Fear & Loathing In Las Vegas

I've been a bit lazy writing up on this book, as I actually finished reading it at the end of April. In any case, Fear and Loathing in Las Vegas is great tale, one that purports itself to be true, but you find yourself hoping that it really isn't. I found it to be laugh out loud funny in places, not sure whether that is an indicator of my character or not.

I found it to be a great read, and one that I was looking forward to reading on the subway journeys to and from work. I also found myself reading it outside of these travels, another sign that this is a book that I really enjoyed. This is an adventure that I would love to have one day, possibly without quite all the drugs, but the experience seems to be exhilarating; I'm thinking particularly of the hotel maid tricked into thinking she could be a police informer, the reporter check-in at the poolside bar and the girl with the paintings.

It's quite hard to sum up, and I think almost fruitless to do so, given that most people have heard of this book and will be able to judge accordingly if they would want to read it or not. So I will content myself with saying that I would like to re-read it again one day, and reproduce two of my favourite passages below.

My attorney shook his fist at them. "We'll be back," he yelled. "One of these days I'll toss a fucking bomb into this place! I have your name on this sales slip! I'll find out where you live and burn your house down!"
"That'll give him something to think about," he muttered as we drove off. "That guy is a paranoid psychotic, anyway. They're easy to spot."

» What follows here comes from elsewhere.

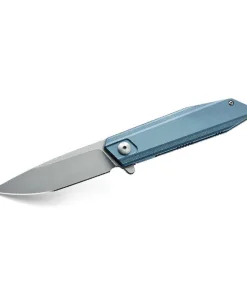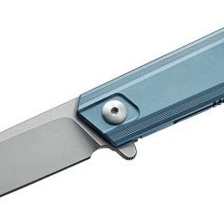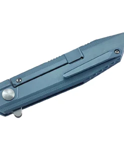 The knife rides on ceramic ball bearings, providing smooth operation, and the lockup is nice and tight for safety. The ergonomic handle is crafted from milled 6AL4V titanium with a striking blue finish, ensuring a comfortable and secure grip. The handle’s shape locks it into your hand, and the thumb ramp is perfectly executed for comfortable extended cutting tasks.

About ten minutes later, when she brought the hamburgers, I saw my attorney hand her a napkin with something printed on it. He did it very casually, with no expression at all on his face. But I knew, from the vibes, that our peace was about to be shattered.
"What was that?" I asked him.
He shrugged, smiling vaguely at the waitress who was standing about ten feet away, at the end of the counter, keeping her back to us while she pondered the napkin. Finally she turned and stared... then she stepped resolutely forward and tossed the napkin at my attorney.
"What is this?" she snapped.
"A napkin," said my attorney.
There was a moment of nasty silence, then she began screaming: "Don't give me that bullshit! I know what it means! You goddamn fat pimp bastard!"
My attorney picked up the napkin, looked at what he'd written, then dropped it back on the counter. "That's the name of a horse I used to own," he said calmly. "What's wrong with you?"
"You sonofabitch!" she screamed. "I take a lot of shit in this place, but I sure as hell don't have to take it off a spic pimp!"
Jesus! I thought. What's happening? I was watching the woman's hands, hoping she wouldn't pick up anything sharp or heavy. I picked up the napkin and read what the bastard had printed on it, in careful red letters: "Back Door Beauty?" The question mark was emphasized.